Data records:
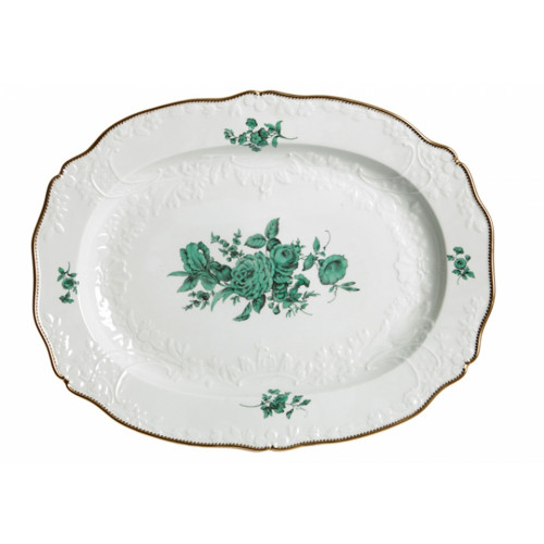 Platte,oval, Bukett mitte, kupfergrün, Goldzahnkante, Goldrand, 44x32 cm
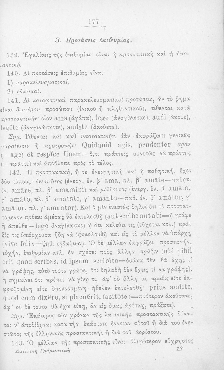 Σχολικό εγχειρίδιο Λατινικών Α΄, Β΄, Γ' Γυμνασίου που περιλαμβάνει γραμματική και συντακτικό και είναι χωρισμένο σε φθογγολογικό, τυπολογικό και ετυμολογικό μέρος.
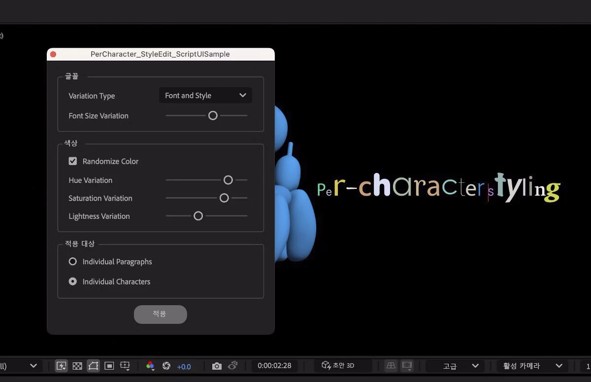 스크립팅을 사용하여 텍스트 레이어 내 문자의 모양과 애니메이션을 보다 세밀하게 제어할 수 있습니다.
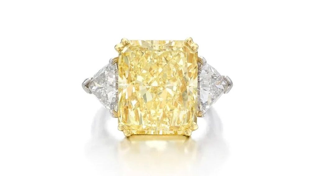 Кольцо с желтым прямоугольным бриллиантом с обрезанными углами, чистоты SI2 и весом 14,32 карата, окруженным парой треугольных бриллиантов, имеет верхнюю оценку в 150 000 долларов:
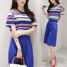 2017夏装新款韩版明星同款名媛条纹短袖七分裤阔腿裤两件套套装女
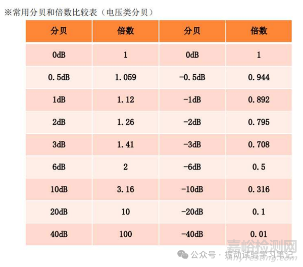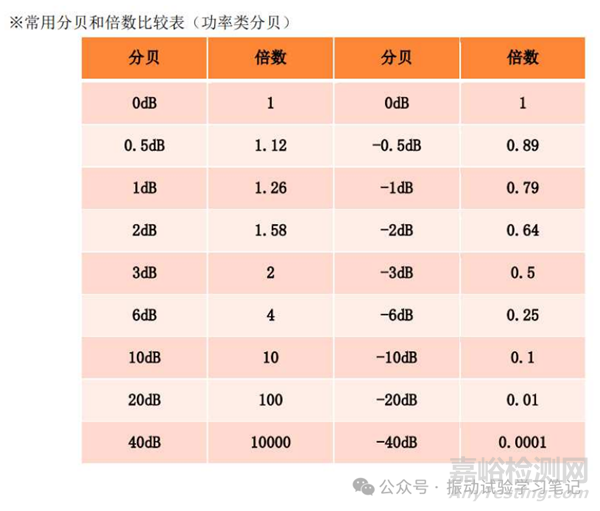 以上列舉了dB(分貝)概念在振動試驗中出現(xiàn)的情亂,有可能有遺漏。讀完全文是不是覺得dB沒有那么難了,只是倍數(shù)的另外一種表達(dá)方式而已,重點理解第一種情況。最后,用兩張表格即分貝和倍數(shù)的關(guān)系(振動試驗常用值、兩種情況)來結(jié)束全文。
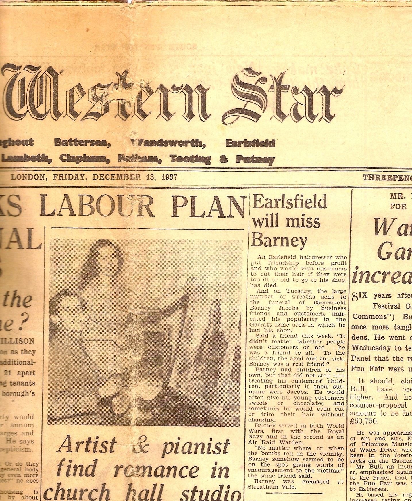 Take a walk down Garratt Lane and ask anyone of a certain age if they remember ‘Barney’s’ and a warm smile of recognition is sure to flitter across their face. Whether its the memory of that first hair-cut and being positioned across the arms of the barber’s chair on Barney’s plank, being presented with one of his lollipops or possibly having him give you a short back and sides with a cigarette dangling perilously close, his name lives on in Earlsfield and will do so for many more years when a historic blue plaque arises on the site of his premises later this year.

■ **EXERCISE PROMPT**
Set down every entry above verbatim, without pictures.

■ **TASK SOLUTION**
 Platte,oval, Bukett mitte, kupfergrün, Goldzahnkante, Goldrand, 44x32 cm
 Σχολικό εγχειρίδιο Λατινικών Α΄, Β΄, Γ' Γυμνασίου που περιλαμβάνει γραμματική και συντακτικό και είναι χωρισμένο σε φθογγολογικό, τυπολογικό και ετυμολογικό μέρος.
 스크립팅을 사용하여 텍스트 레이어 내 문자의 모양과 애니메이션을 보다 세밀하게 제어할 수 있습니다.
 Кольцо с желтым прямоугольным бриллиантом с обрезанными углами, чистоты SI2 и весом 14,32 карата, окруженным парой треугольных бриллиантов, имеет верхнюю оценку в 150 000 долларов:
 2017夏装新款韩版明星同款名媛条纹短袖七分裤阔腿裤两件套套装女
 以上列舉了dB(分貝)概念在振動試驗中出現(xiàn)的情亂,有可能有遺漏。讀完全文是不是覺得dB沒有那么難了,只是倍數(shù)的另外一種表達(dá)方式而已,重點理解第一種情況。最后,用兩張表格即分貝和倍數(shù)的關(guān)系(振動試驗常用值、兩種情況)來結(jié)束全文。
 Take a walk down Garratt Lane and ask anyone of a certain age if they remember ‘Barney’s’ and a warm smile of recognition is sure to flitter across their face. Whether its the memory of that first hair-cut and being positioned across the arms of the barber’s chair on Barney’s plank, being presented with one of his lollipops or possibly having him give you a short back and sides with a cigarette dangling perilously close, his name lives on in Earlsfield and will do so for many more years when a historic blue plaque arises on the site of his premises later this year.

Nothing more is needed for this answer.